Observation of a ferro-rotational order coupled with second-order nonlinear optical fields.

The ferro-rotational order, whose order parameter (OP) is an axial vector invariant under both time reversal (TR) and spatial inversion (SI) operations, is the last remaining category of ferroics to be observed after the ferroelectric, ferromagnetic, and ferro-toroidal orders. This order has become increasingly popular in many new quantum materials, especially in complex oxides, and is considered responsible for a number of novel phenomena such as polar vortices, giant magnetoelectric coupling, and type-II multiferroics. However, physical properties of the ferro-rotational order have been rarely studied either theoretically or experimentally.
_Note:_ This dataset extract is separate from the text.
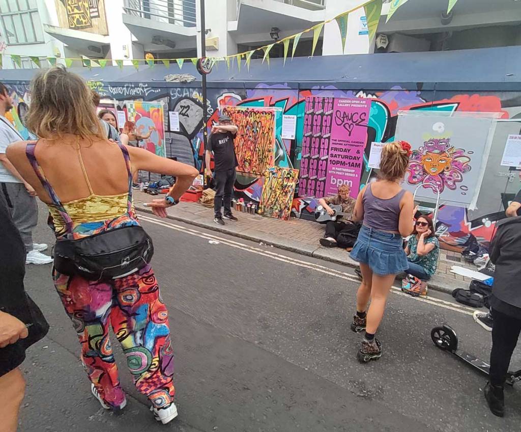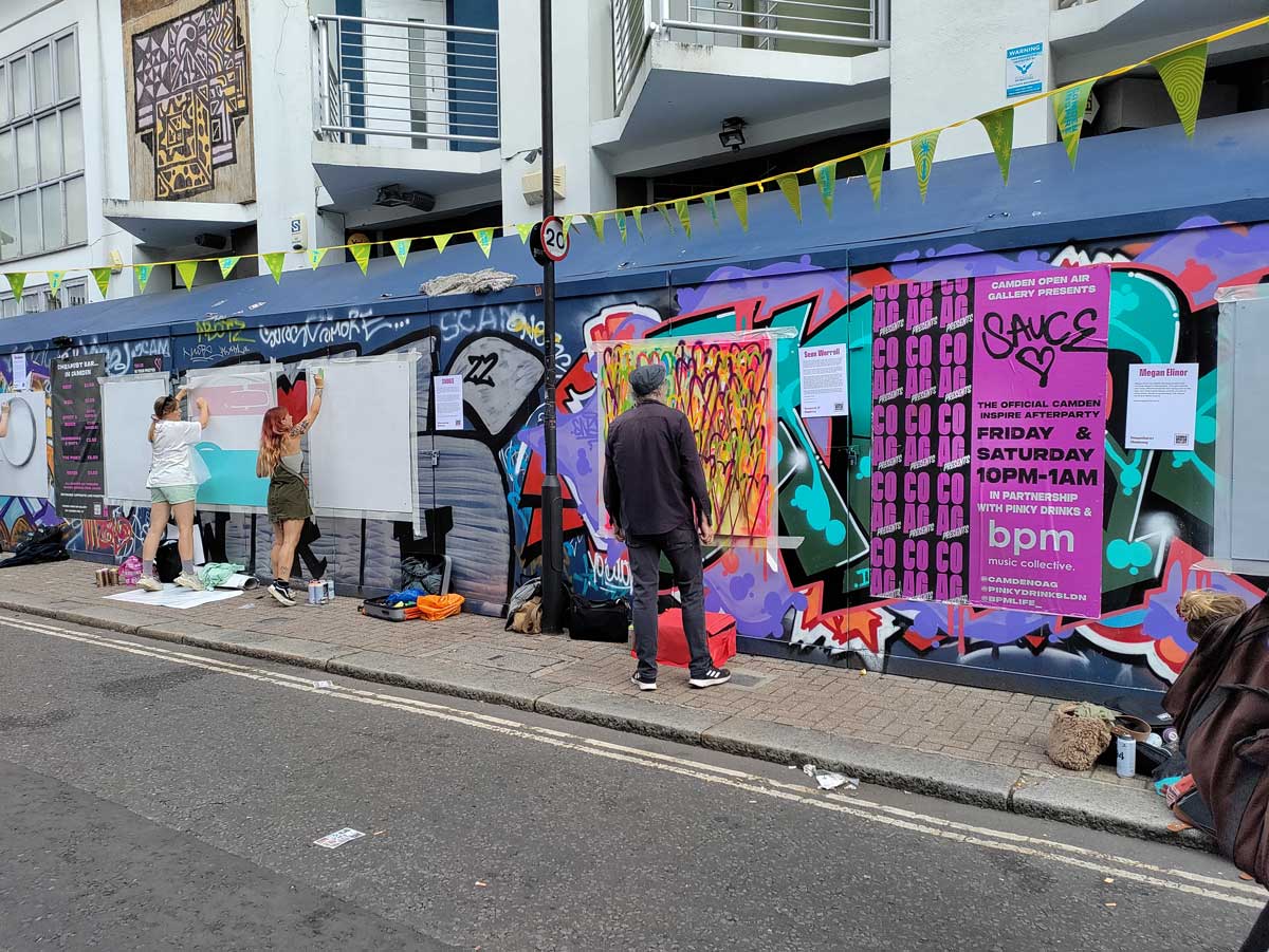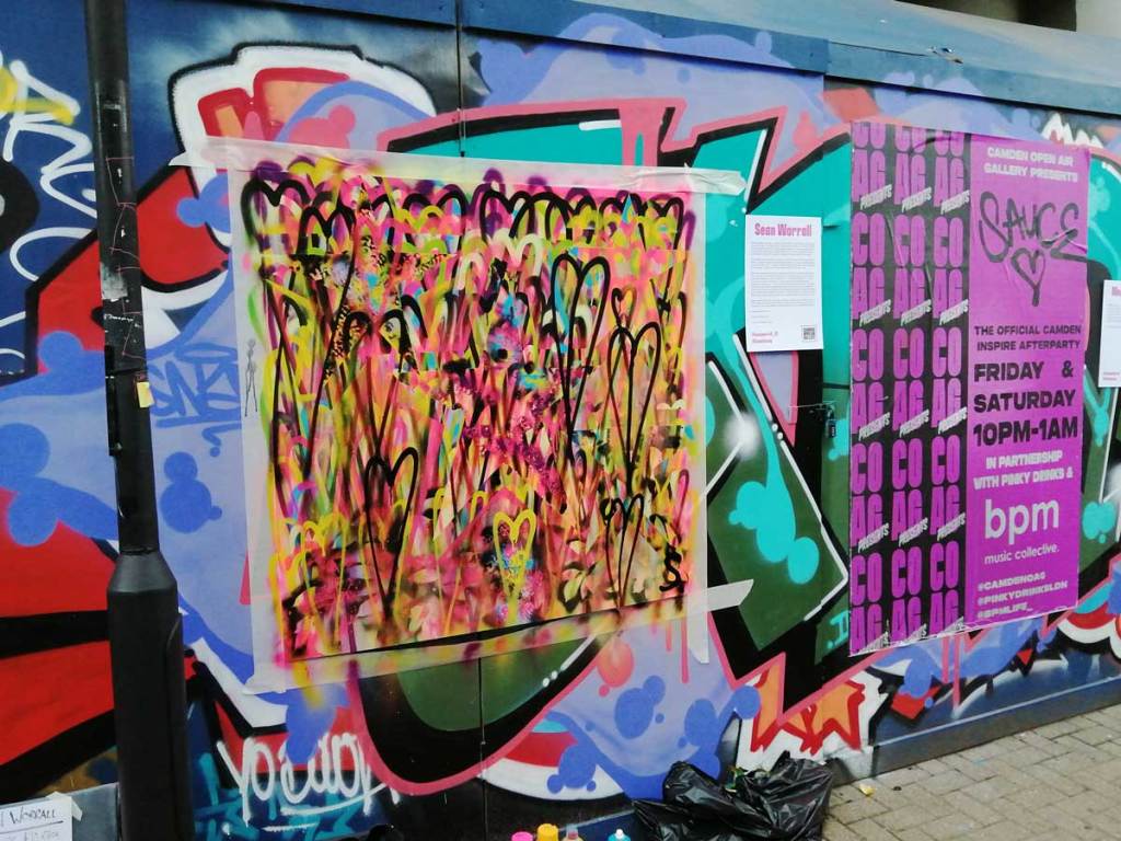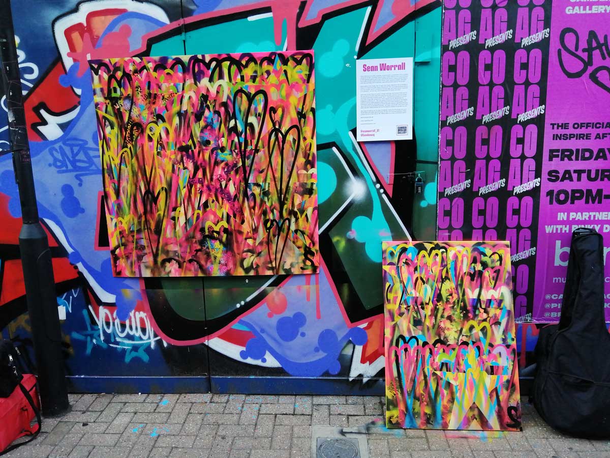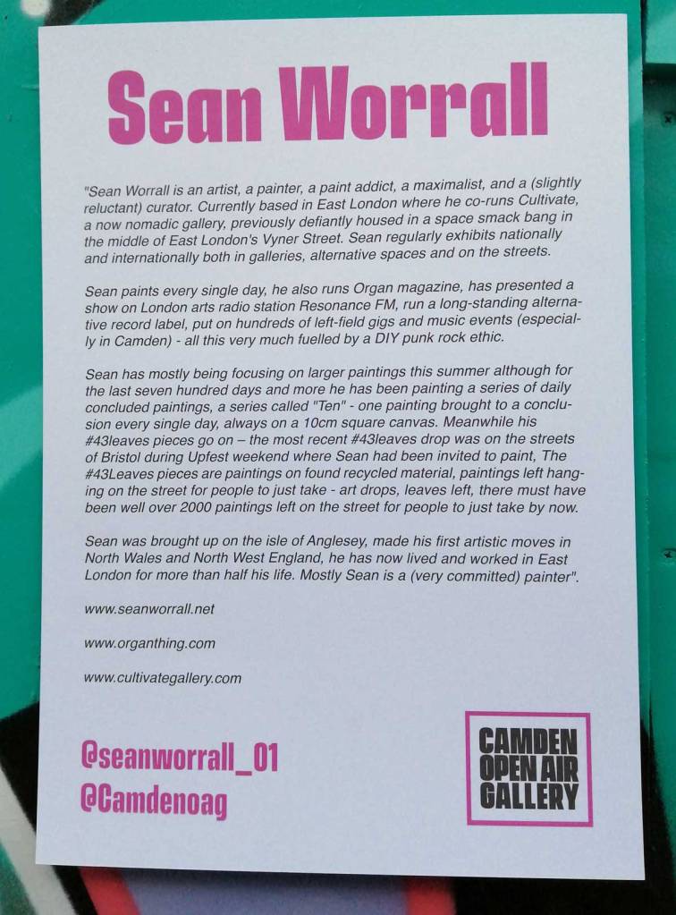 So day two of Camden Inspire happened last Saturday, a two day festival of art and music in that North London borough. I was one of ten artists invited to paint out on the street on the second day. There’s a whole piece written about the day, quite a few words and lots of photos of other people’s work up on the Organ website – Two days of street art, music and more, did Camden inspire? – I’m just going to leave some photos of my piece painted on the day here on this page. Well two pieces actually, I finished ny actual piece way too early in the day, had to go buy a canvas and paint a second piece.

Here, using high sensitivity rotational anisotropy second harmonic generation (RA SHG), we have, for the first time, exploited the electric quadrupole (EQ) contribution to the SHG to directly couple to this centrosymmetric ferro-rotational order in an archetype of type-II multiferroics, RbFe(MoO4)2. Surprisingly, we have found that two types of domains with opposite ferro-rotational vectors emerge with distinct populations at the critical temperature Tc ~195 K and gradually evolve to reach an even ratio at lower temperatures. Moreover, we have identified the ferro-rotational order phase transition as weak first order, and have revealed its conjugate coupling field as a unique combination of the induced EQ SHG and the incident fundamental electric fields. Our results on physical properties of a ferro-rotational order provide crucial knowledge for understanding and searching for novel phases of matter built upon the ferro-rotational order. Further, these results open the possibility of revealing unconventional centrosymmetric orders and identifying their conjugate coupling fields with second order nonlinear optics.